Data records

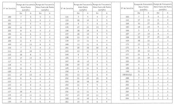 . La frecuencia mínima en horario fuera de punta, en
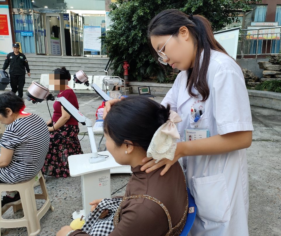 与此同时,院坝里同步开展的“夜间义诊”同样暖意融融,多个科室专家组成志愿服务队,设立健康咨询台,免费为市民进行健康咨询、诊疗建议和基础健康筛查。中医特色体验区更是排起长队,艾灸、推拿、埋针、中药泡脚等项目免费开放,让市民在家门口就能感受传统中医药的独特魅力,享受实实在在的健康福利。
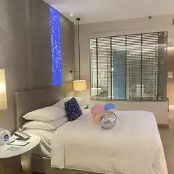 The bed sucked my soul. There were 2 bottles of water in the bathroom and 2 bottles in the room.
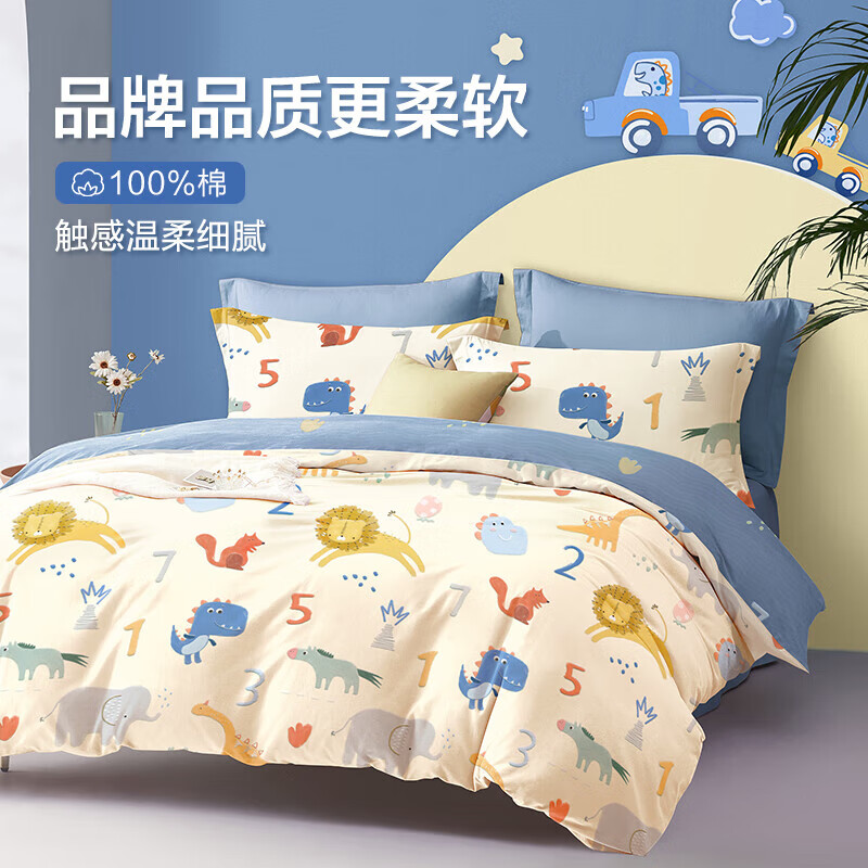 博洋(BEYOND)博洋家纺全棉四件套纯棉被套床单套件 博士恐龙150cm
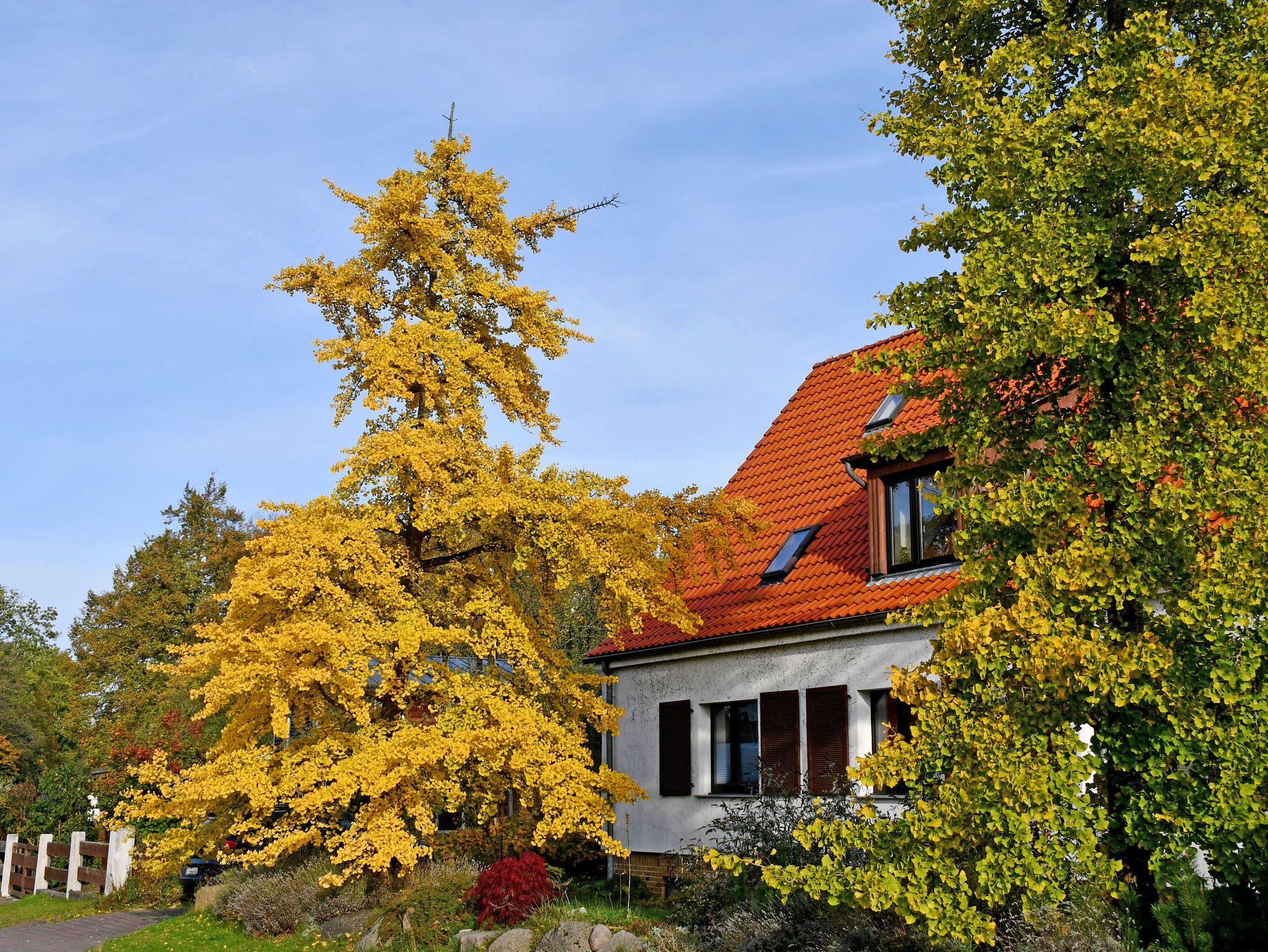 Unser Garten ist als Naturgarten zertifiziert. An der Einfahrt stehen zwei imposante Gingobäume!
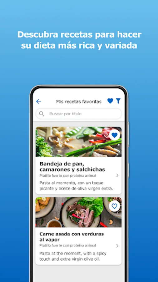 One of the most important tools of this application, since this is where you will find RECIPES specially adapted for the renal diet, the different NUTRITIONAL VALUES to know the characteristics of each food from a reliable source, such as the content of phosphorus and potassium.
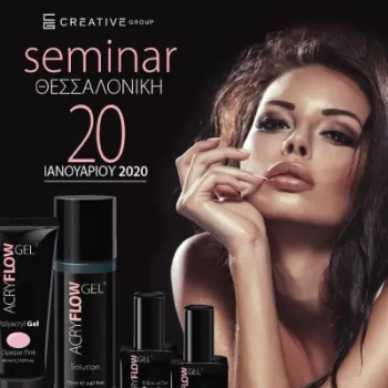 Σεμινάριο Αcryflow® Gel - 20 Iανουαρίου, Θεσσαλονίκη, κτήριο ΧΑΝΘ, 3ος όροφος Μυηθείτε από την Technical Educator της Creative Group , Elena Lyashenko, στην τεχνική εφαρμογής της Πλέον Εξελιγμένης Φόρμουλας επιμήκυνσης φυσικού νυχιού, το AcryFlow Gel! Διάρκεια : 5 ώρες (10 π.μ. έως 13 μ.μ.) Κόστος εκπαίδευσης...

■ EXERCISE ■
The copy should begin at the line containing "博洋(BEYOND)博洋家纺全棉四件套纯棉被套床单套件 博士恐龙150cm" and end at the last line of the data above; please restate those lines word for word without the pictures.

■ EXERCISE RESPONSE ■
 博洋(BEYOND)博洋家纺全棉四件套纯棉被套床单套件 博士恐龙150cm
 Unser Garten ist als Naturgarten zertifiziert. An der Einfahrt stehen zwei imposante Gingobäume!
 One of the most important tools of this application, since this is where you will find RECIPES specially adapted for the renal diet, the different NUTRITIONAL VALUES to know the characteristics of each food from a reliable source, such as the content of phosphorus and potassium.
 Σεμινάριο Αcryflow® Gel - 20 Iανουαρίου, Θεσσαλονίκη, κτήριο ΧΑΝΘ, 3ος όροφος Μυηθείτε από την Technical Educator της Creative Group , Elena Lyashenko, στην τεχνική εφαρμογής της Πλέον Εξελιγμένης Φόρμουλας επιμήκυνσης φυσικού νυχιού, το AcryFlow Gel! Διάρκεια : 5 ώρες (10 π.μ. έως 13 μ.μ.) Κόστος εκπαίδευσης...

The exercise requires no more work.